Unnamed: 0,Dataline,Play,PlayerLinenumber,ActSceneLine,Player,PlayerLine,PlayerIndex,PlayIndex_0,PlayIndex_1,PlayIndex_2,...,PlayIndex_26,PlayIndex_27,PlayIndex_28,PlayIndex_29,PlayIndex_30,PlayIndex_31,PlayIndex_32,PlayIndex_33,PlayIndex_34,PlayIndex_35
3,4,Henry IV,1.0,1.1.1,KING HENRY IV,"So shaken as we are, so wan with care,",0,1,0,0,...,0,0,0,0,0,0,0,0,0,0
4,5,Henry IV,1.0,1.1.2,KING HENRY IV,"Find we a time for frighted peace to pant,",0,1,0,0,...,0,0,0,0,0,0,0,0,0,0
5,6,Henry IV,1.0,1.1.3,KING HENRY IV,And breathe short-winded accents of new broils,0,1,0,0,...,0,0,0,0,0,0,0,0,0,0


#### Step 3: Model Training and Testing data sets

In [15]:
from sklearn.model_selection import train_test_split

In [16]:
#Dropping the symbolic columns
players_df = players_df.drop('Play', axis = 1)
players_df = players_df.drop('Player', axis = 1)
players_df = players_df.drop('PlayerLine', axis = 1)
players_df = players_df.drop('ActSceneLine', axis = 1)

In [17]:
players_df.head()

Unnamed: 0,Dataline,PlayerLinenumber,PlayerIndex,PlayIndex_0,PlayIndex_1,PlayIndex_2,PlayIndex_3,PlayIndex_4,PlayIndex_5,PlayIndex_6,...,PlayIndex_26,PlayIndex_27,PlayIndex_28,PlayIndex_29,PlayIndex_30,PlayIndex_31,PlayIndex_32,PlayIndex_33,PlayIndex_34,PlayIndex_35
3,4,1.0,0,1,0,0,0,0,0,0,...,0,0,0,0,0,0,0,0,0,0
4,5,1.0,0,1,0,0,0,0,0,0,...,0,0,0,0,0,0,0,0,0,0
5,6,1.0,0,1,0,0,0,0,0,0,...,0,0,0,0,0,0,0,0,0,0
6,7,1.0,0,1,0,0,0,0,0,0,...,0,0,0,0,0,0,0,0,0,0
7,8,1.0,0,1,0,0,0,0,0,0,...,0,0,0,0,0,0,0,0,0,0


In [18]:
#Define features
X=players_df.drop(['PlayerIndex'], axis=1)

In [19]:
#Define target
y=players_df['PlayerIndex']

In [20]:
#Define testing and training datasets
train_features, test_features , train_labels, test_labels = train_test_split(X, y, random_state=0)

In [21]:
print('Training Features Shape:', train_features.shape)
print('Training Labels Shape:', train_labels.shape)
print('Testing Features Shape:', test_features.shape)
print('Testing Labels Shape:', test_labels.shape)

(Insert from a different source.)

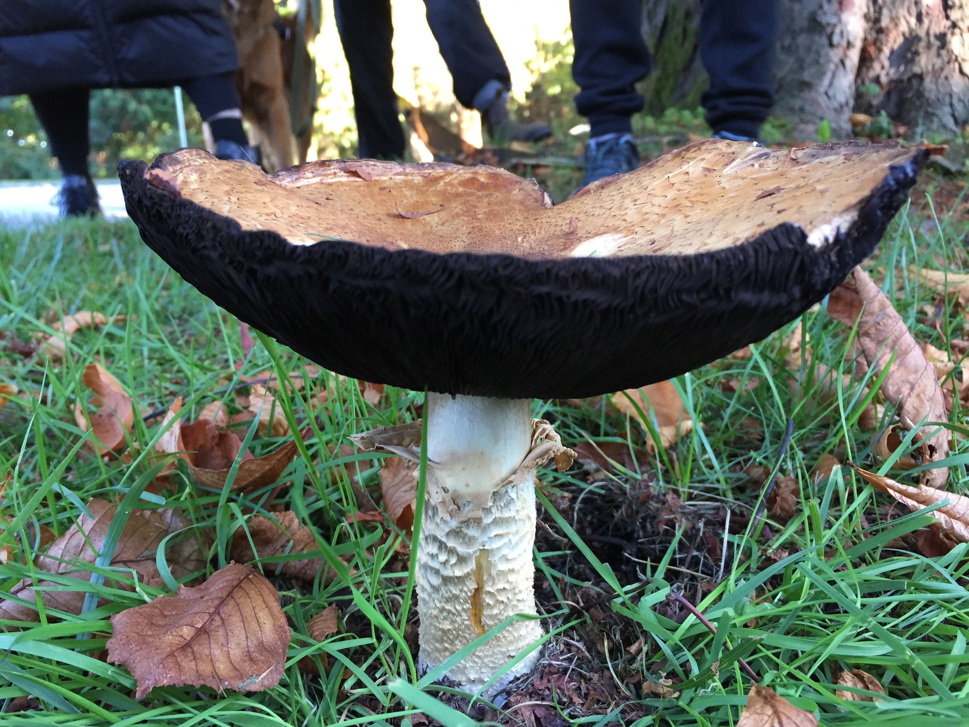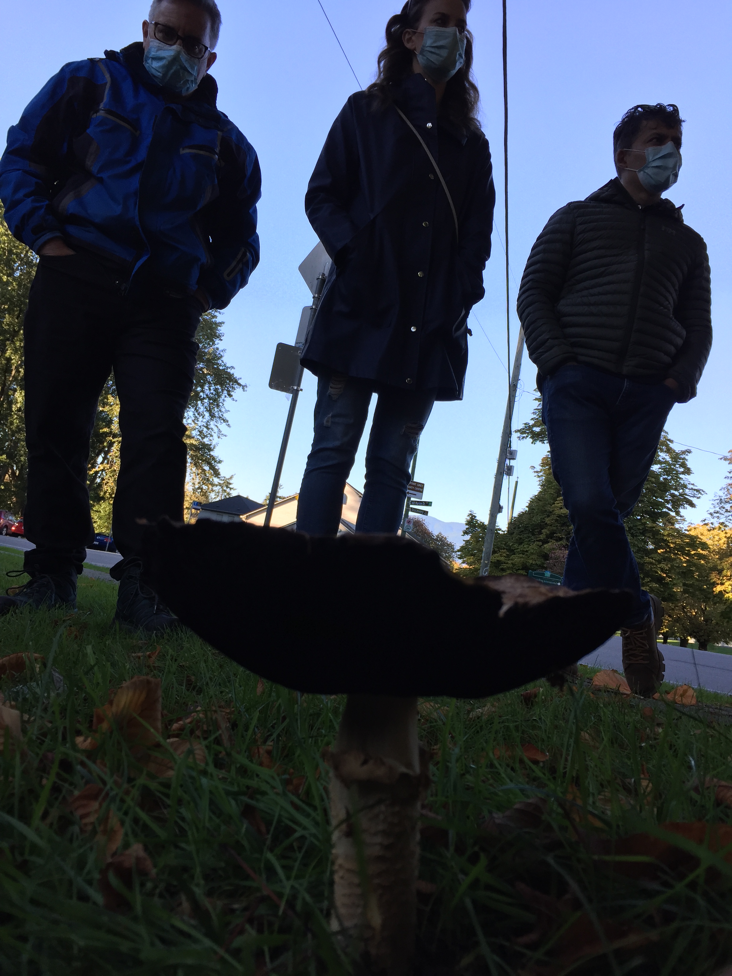 We enjoyed this beautiful, sunny fall day at Iyal’mexw/Jericho West Park and made the acquaintance of a number of mushrooms, notably many species of Agaricus and Lepitota (in the broad sense), which ranged from the choice edibles The Prince (Agaricus augustus, pictured left and centre) and Olive Shaggy Parasol (Chlorophyllum olivieri), to the Deadly Parasol (Lepiota subincarnata, right). The toxic Inky Agaricus (Agaricus moelleri) made a bold, surprise appearance at the end of our walk. The aromas of the Earthballs (Scleroderma sp.) tantalized our noses with notes of rubber, tar and earth.

Training Features Shape: (78864, 38)
Training Labels Shape: (78864,)
Testing Features Shape: (26288, 38)
Testing Labels Shape: (26288,)


#### Step 4: Building Models

In [22]:
#Using Decision Tree to find the accuracy
from sklearn.tree import DecisionTreeClassifier

In [23]:
#Training the decision tree classifier
clf = DecisionTreeClassifier().fit(train_features, train_labels)

In [24]:
print('Accuracy of Decision Tree classifier on training set: {:.2f}'
     .format(clf.score(train_features, train_labels)))
print('Accuracy of Decision Tree classifier on test set: {:.2f}'
     .format(clf.score(test_features, test_labels)))

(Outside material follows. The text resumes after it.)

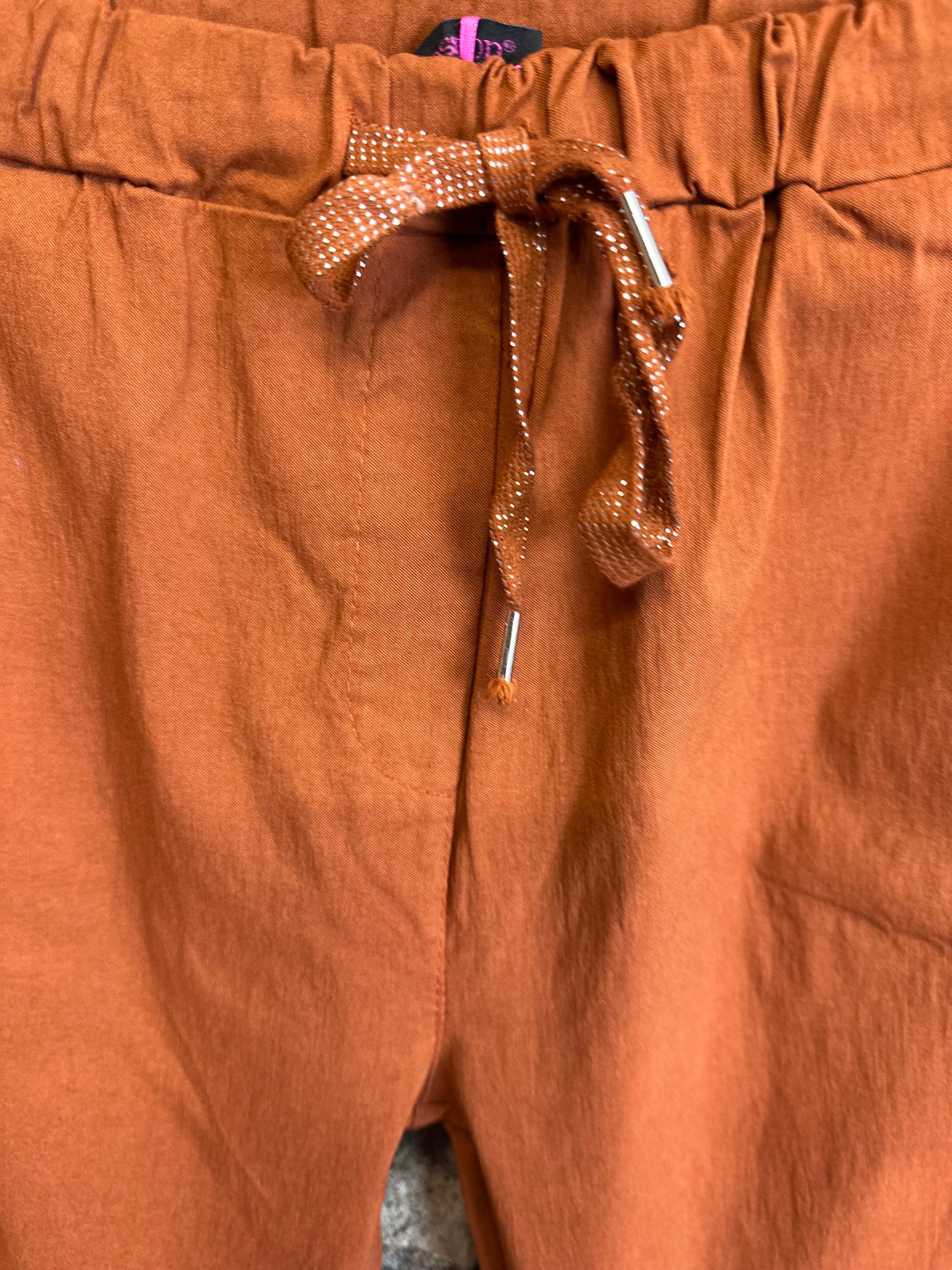 “Rachel “ rust Italian magic stretch cigarette leg turn up trouser

Accuracy of Decision Tree classifier on training set: 1.00
Accuracy of Decision Tree classifier on test set: 0.78


### Summary

1. Tried various models such as Linear Regression, Gaussian Naive Bayes, K-Nearest and Decision Tree Classifier to find the accuracy
2. Decision Tree classifier gave the best accuracy of 78% on the test data set.